The in vitro interaction of gemfibrozil at the level of hepatic fluvastatin uptake was further investigated, as in clinical interaction studies no interference of the two compounds was observed upon their coadministration (Spence et al., 1995). Fluvastatin transport by OATP1B1 was strongly inhibited by gemfibrozil at 200 μM, whereas the effects on the OATP2B1- and OATP1B3-mediated fluvastatin transport by gemfibrozil were considerably weaker (Fig. 6). This inhibitory effect of gemfibrozil on active fluvastatin uptake was much weaker when freshly isolated human hepatocytes were used. Less than 30% inhibition was seen with 200 μM gemfibrozil, whereas the individual expressed transporters were 60 to 90% inhibited by the same gemfibrozil concentration. Multiple transport pathways including other solute carriers also operational in the primary human hepatocytes used might compensate for individual transporters particularly sensitive to inhibition by gemfibrozil. To further explore the quantitative contribution of individual transporters to the hepatic uptake of fluvastatin, selective inhibitors would be required. The gemfibrozil concentration was within the range of total plasma peak concentrations (120–240 μM) found after the usual daily treatments (600 mg b.i.d.) (Wen et al., 2001). However, the protein binding of gemfibrozil (∼95%), which was not considered under the in vitro assay conditions as no protein was added to the incubation medium, might further reduce the inhibitory effect of gemfibrozil in vivo. No significant effect on the area under the curve, maximal plasma concentration, and time-to-maximum concentration, was reported for either compound comparing the combination of fluvastatin and gemfibrozil with the administration of each individual drug alone (Spence et al., 1995). The in vitro results on the fluvastatin-gemfibrozil interaction obtained with overexpressed OATP carriers might therefore be misleading, whereas the inhibition of fluvastatin transport in human hepatocyte better reflects the in vivo results. Therefore, it is important to study the effect of an inhibitor on all transporters significantly involved in the uptake of a given substrate to prevent misleading results based on the inhibition of a single transporter.

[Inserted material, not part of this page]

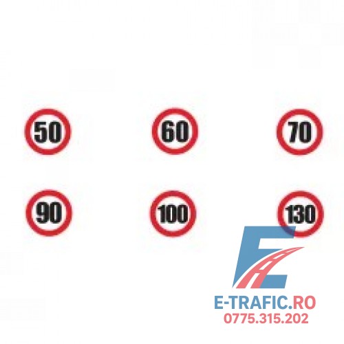 Etichete: Autocolante cu limita de viteza 50, 60, 70, 90, 100 si 130 KM/H, diametru 13 cm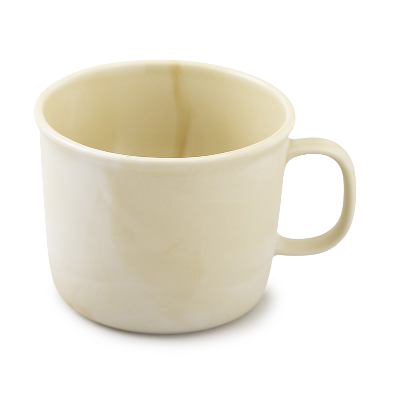焼き物の仕上げとしては珍しい「サンドブラスト加工」を施し、素地のような質感を表現しました。口元はぽってりとした琺瑯仕上げで、唇の形に優しくフィットします。

In conclusion, our results indicate that in vitro engineered systems expressing individual drug transporters cannot always predict the behavior of substrate/inhibitor combinations in more complex systems, such as human hepatocytes or even in clinical in vivo studies. Results from these in vitro engineered systems are very valuable as they provide a mechanistic insight in what might be expected, but they should always be complemented with experiments in more complex systems, such as primary human hepatocytes, either freshly isolated or cryopreserved, with functional activities of multiple transporters to confirm or contradict the findings. Additionally, different affinity components for certain substrates or inhibitors to transporters, as was demonstrated for estrone-3-sulfate transport by OATP1B1 should be considered. Only such a stepwise mechanistic approach, addressing different, parallel transport pathways and multiple substrates, can ultimately provide in vitro data, predictive of the potential for clinically relevant drug-drug interactions for given substrate/inhibitor combinations.